For this paper, a collaboration between Peter St. John, Seonah Kim and Yeonjoon Kim at NREL and Yanfei Guan and Robert Paton at Colorado State University, we trained a graph convolutional neural network against nearly 300,000 organic bond dissociation enthalpies. The resulting model, a machine-Learning derived, Fast, Accurate Bond dissociation Enthalpy Tool (ALFABET) predicts BDE values that are comparable to density functional theory in much less than a second. The predictions can be run on the web: https://bde.ml.nrel.gov/
Machine learning approaches such as ours are “data hungry” so we needed a large number of BDE values to train the model. Far more than are available experimentally, in fact. We compared a variety of quantum mechanical methods against the very useful iBonD database and found that M06-2X/def2-TZVP calculations agreed most closely. Using this level of theory we built an automated workflow to fragment around 40,000 organic molecules in every way conceivable* and to launch and analyze hundreds of thousands of DFT calculations required to obtain BDE values. Fragmentation and conformational analysis were done using Python and rdkit. In the paper we describe the effects of using multiple DFT conformers vs just one on the results. Running this many calculations is challenging, particularly when they involve open-shell species (e.g., radicals) , since there are various errors that must be checked and filtered in an automated fashion. In addition, we used a statistical model to detect for the presence of outliers in the computational data that were then removed.

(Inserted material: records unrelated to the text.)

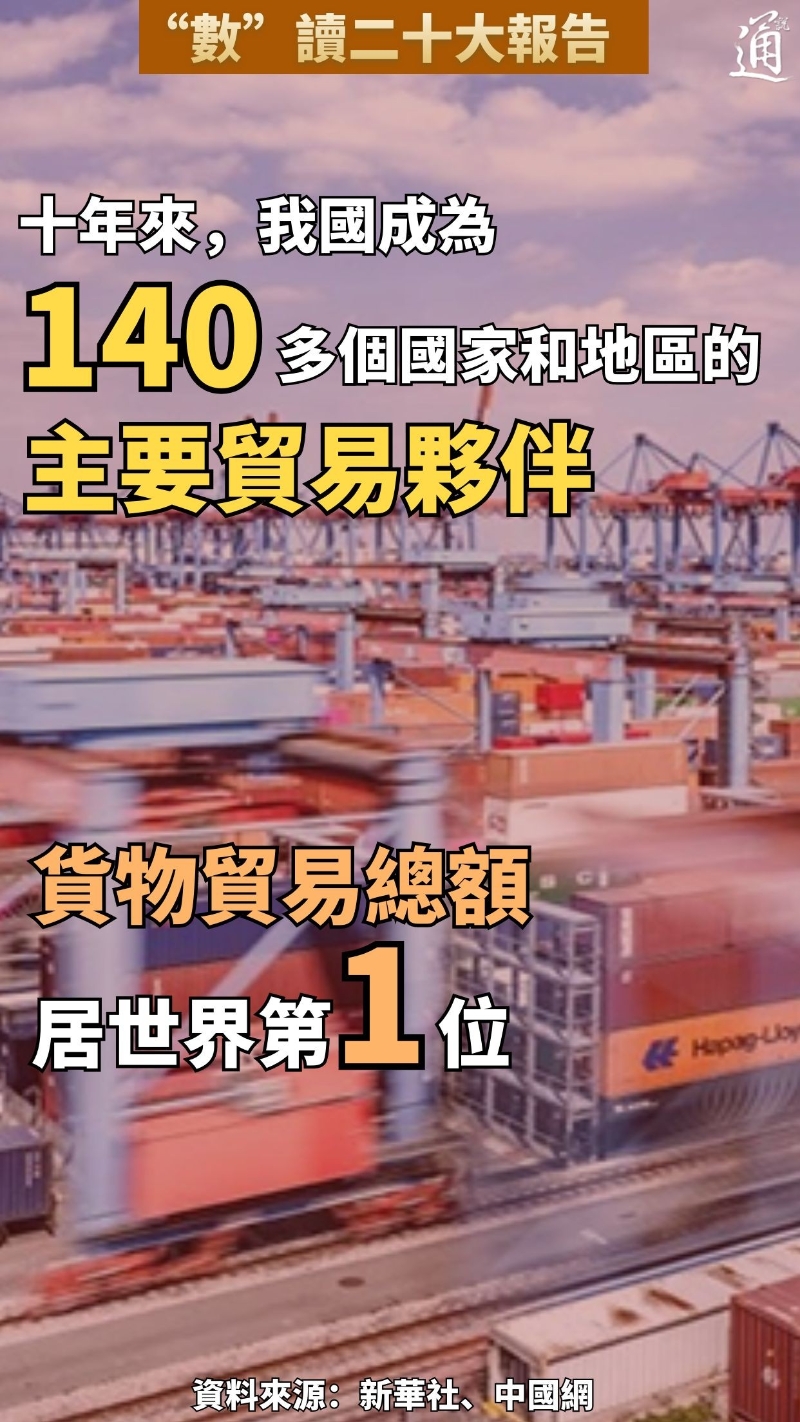 香港新聞網10月19日電 2022年10月16日,中國共產黨第二十次全國代表大會在北京人民大會堂開幕。習近平代表第十九屆中央委員會向大會作報告。報告中一組組亮眼的數據,展示了十年來中國發展新成就。
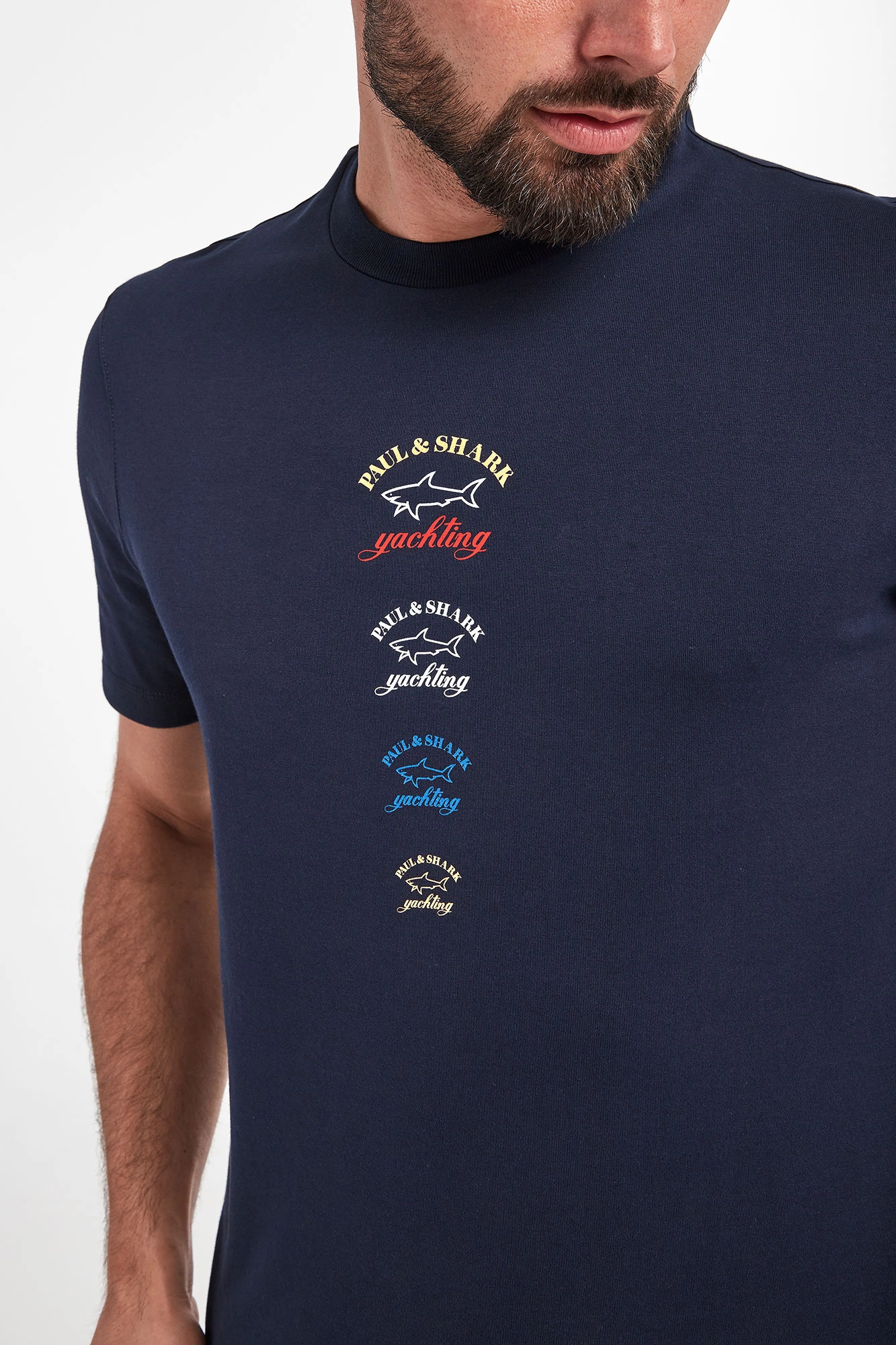 T-shirt marki Paul&Shark w granatowym kolorze. Fason typu regular fit. Dekolt typu o-neck wykończony elastycznym ściągaczem. Z przodu nadruk z nazwą i logo marki. Wykonany z czystej bawełny.
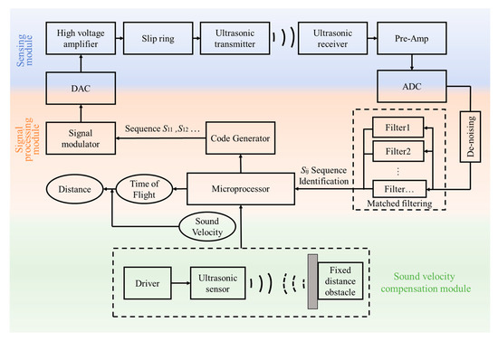 - Shin, S.; Kim, M.; Choi, S. Improving efficiency of ultrasonic distance sensors using interval modulation. In Proceedings of the 15th IEEE Sensors Conference, Orlando, FL, USA, 5–7 December 2016. [Google Scholar]
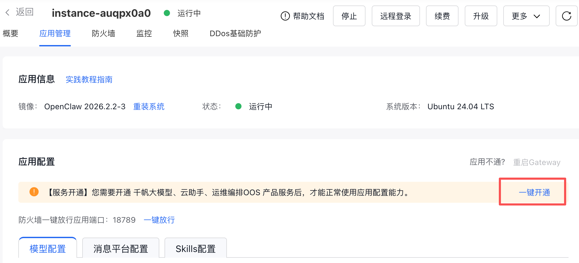 页面会提示你需要开通千帆大模型、云助手等几个服务。不用一个个去找,直接点 一键开通,同意协议就搞定了。
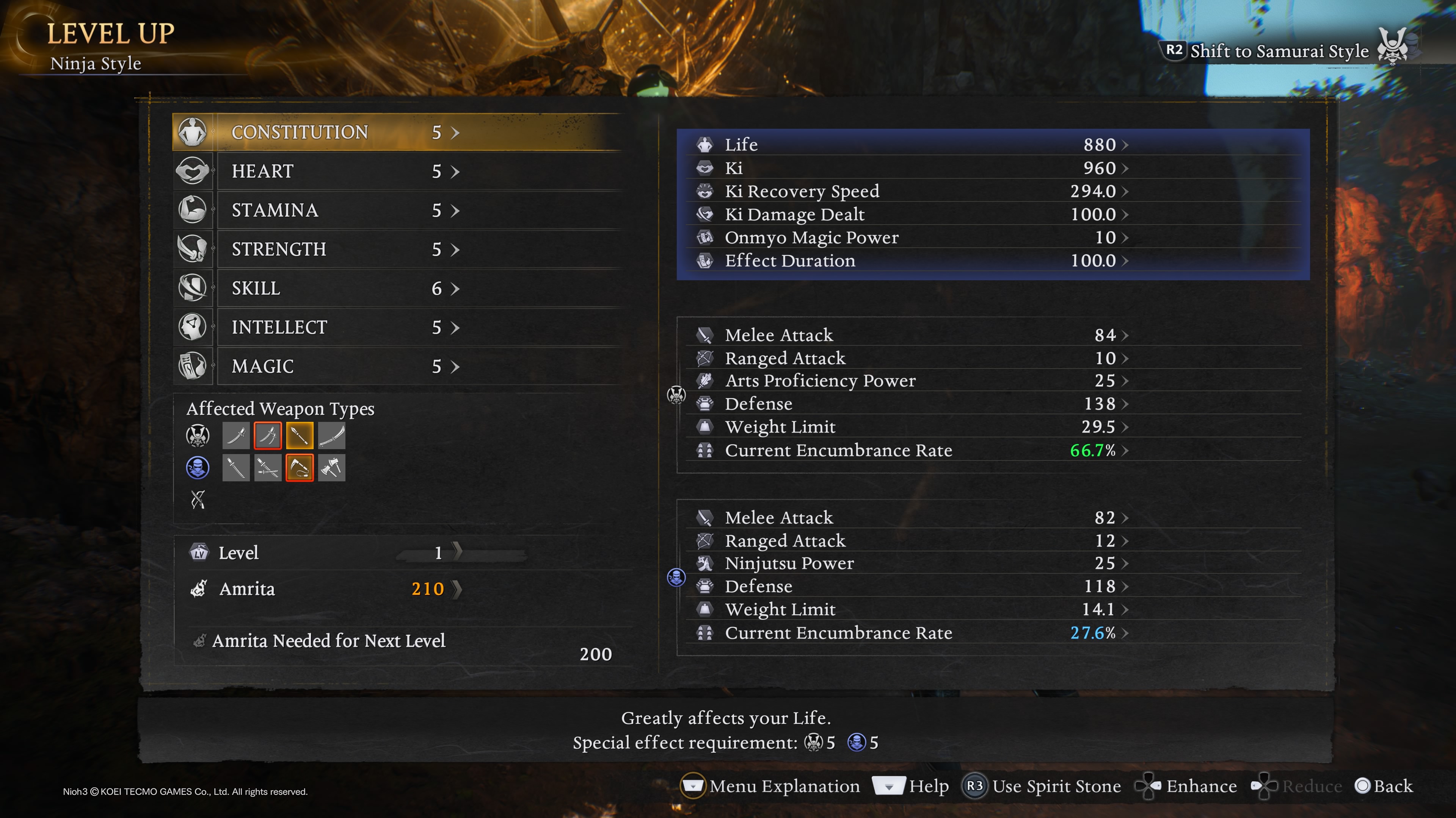 Nově lze přepínat mezi dvěma styly – ninjou a samurajem – a to přímo během soubojů. Ninja sází na rychlost a magii, samuraj na sílu a práci s výdrží Ki. Záleží jen na tobě, co ti sedne víc. Osobně mi přišla hra za ninju o něco výhodnější, hlavně díky obratnosti, ale silné samurajské útoky se zase hodí na dorážení nepřátel. Všechno do sebe perfektně zapadá, komba plynou přirozeně a soubojový systém je radost se učit.

To exemplify how ALFABET can be used, we predict the weakest C-H bond(s) in a series of pharmaceutical molecules, and show that these sites are highly represented among the positions of metabolism (e.g., through oxidation P450 enzymes). The analysis takes seconds and gives comparable results to much lengthier DFT calculations. We also show that for a series of molecules used in fuel, the identities of radicals formed by cleavage of the weakest bond can be used to develop a multivariate linear regression model that predicts the yield sooting index, a measurement of soot formation. Future extension of the ALFABET tool with additional DFT calculations will enable predictions for expanded atom types and zwitterionic functional groups.
Although the training data was generated using 3D structures, the graph neural network employed in this study only requires the 2D-connectivity of each molecule, which performs adequately for this task. Other properties, such as NMR chemical shift, require the explicit consideration of different molecular conformers, and therefore require 3D atomic features.. We have begun to explore this area.
* With the exception of double bonds, and rings, and fragmentations that create new stereogenic centers (e.g. through the destruction of symmetry)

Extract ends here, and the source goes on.